Yes, the Bible calls us to take responsibility but it’s always in response to something God initiated. God is the one who made us, who redeems us, who transforms us over a lifetime. Any choice we make to participate is a response to that grace (which means “gift”), a stick-figure drawing given with love back to the one who gave us the crayons in the first place.
To work in our own strength, as much as it seems zealous, is heresy. So, for God’s sake, leave that heresy behind.
Here’s where another pastor, activist and monk Thomas Merton, spoke calm into my striving:
The more we persist in misunderstanding the phenomena of life, the more we analyze them out into strange finalities and complex purposes of our own, the more we involve ourselves in sadness, absurdity and despair. But it does not matter much, because no despair of ours can alter the reality of things, or stain the joy of the cosmic dance which is always there. Indeed, we are in the midst of it, and it is in the midst of us, for it beats in our very blood, whether we want it to or not.
Here is a better way: to know — whether or not we believe it’s God — that truth-seeking is a work done in us, not only by us. There is a way that time and sleep and tears will shape our capacity for the Truth we seek.
The final pastoral voice in my questioning came from scripture itself. I’ve condensed this quote from the Apostle Paul’s letter to the Christians at Philippi to highlight his embrace of the messy process of hungering for truth:
I want to know … Not that I have already obtained all this, or have already arrived at my goal, but I press on to take hold of that for which Christ Jesus took hold of me … I do not consider myself yet to have taken hold of it. But one thing I do: Forgetting what is behind and straining toward what is ahead, I press on toward the goal … If … you think differently, that too God will make clear to you … The Lord Jesus Christ … will transform (us).
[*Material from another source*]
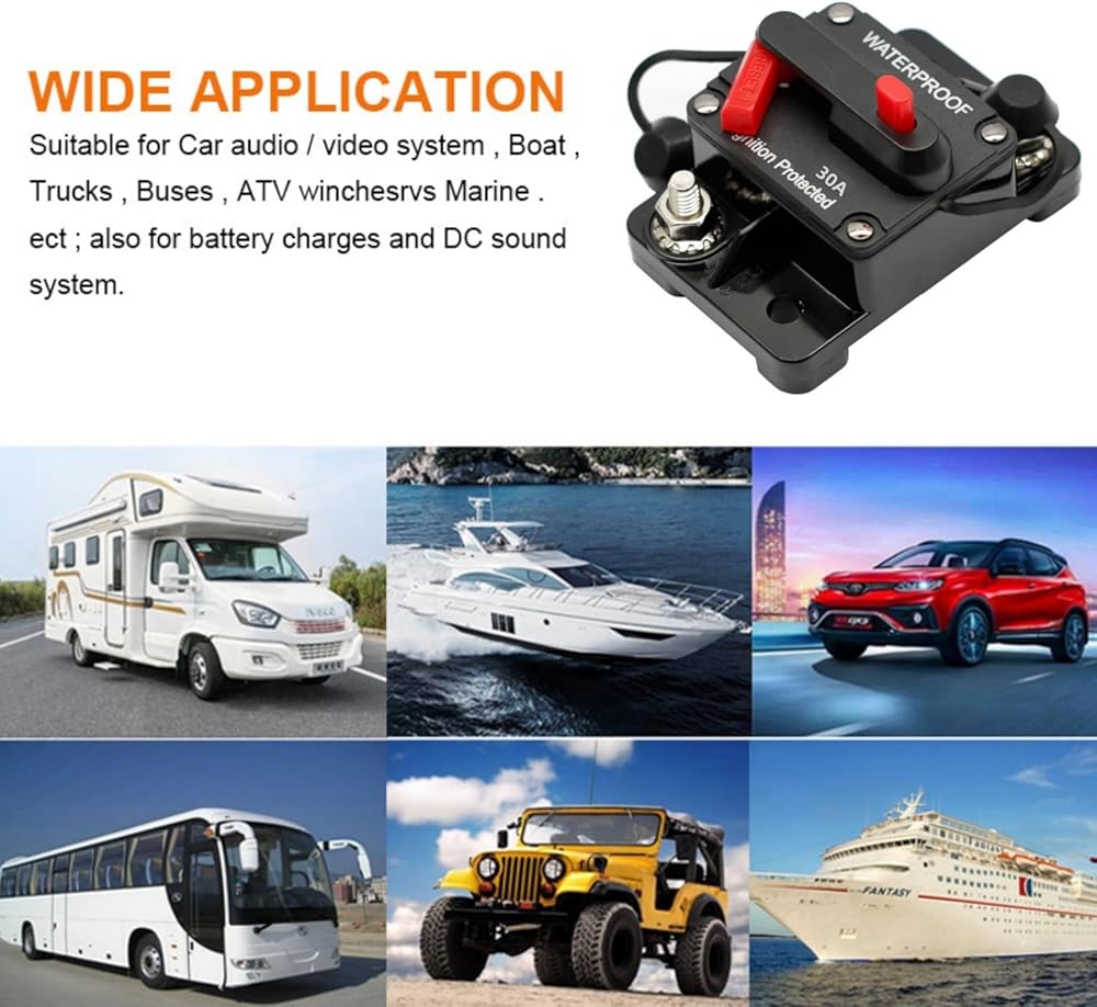 This 60 amp marine circuit breaker is capable of both automotive and marine use, suitable for car, automotive, RV, trolling motor, boat, yacht, etc.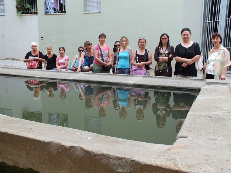 Un grup de dones que participen al projecte formatiu Frida, impulsat per l'Ajuntament de Balaguer, han participat avui en la visita guiada pel centre històric de la ciutat.

It saved me to watch this founder of our faith in that unsettling space between past and future. Even Paul knew the disruptive experience of releasing what we’ve been before we know what we’ll be. Even the very proactive, intelligent Paul knew how to let himself be wholly transformed. While Paul certainly embraces his own agency in this process — I want, I press on, I strain — at the same time, he’s aware of his limitations, acknowledging he is not Lord of his own transformation. Even as he exerts himself he knows that there is a life-giving force at work beyond his own power: Christ Jesus took hold of me. God will make clear. Jesus transforms.
To reject the belief that God has no capacity for questions is not to reject God. Question that heresy. And you might come to know a God who is engaged and dynamic — even (especially) in the intimacy of wrestling. To reject the belief that faith requires us to dominate our own understanding is not to reject faith. Question that heresy. And you may find in yourself a new capacity for curiosity and adventure.
I’m just one small person but here’s what my wrangling taught me (and what I believe scripture and the historical, global church — outside of contemporary Western Christianity — affirms):
Whether or not you call it God, something wants to work in you, giving you capacity to embody truth. In the meantime, there are tears to be shed, walks to be wandered, naps to be had, and skin to be bared to the rain. Those things also hold truth. You might just find that you believe more than you think.
Mandy Smith is pastor of St. Lucia Uniting Church, Brisbane, and the author of The Vulnerable Pastor: How Human Limitations Empower Our Ministry and Unfettered: Imagining a Childlike Faith Beyond the Baggage of Western Culture.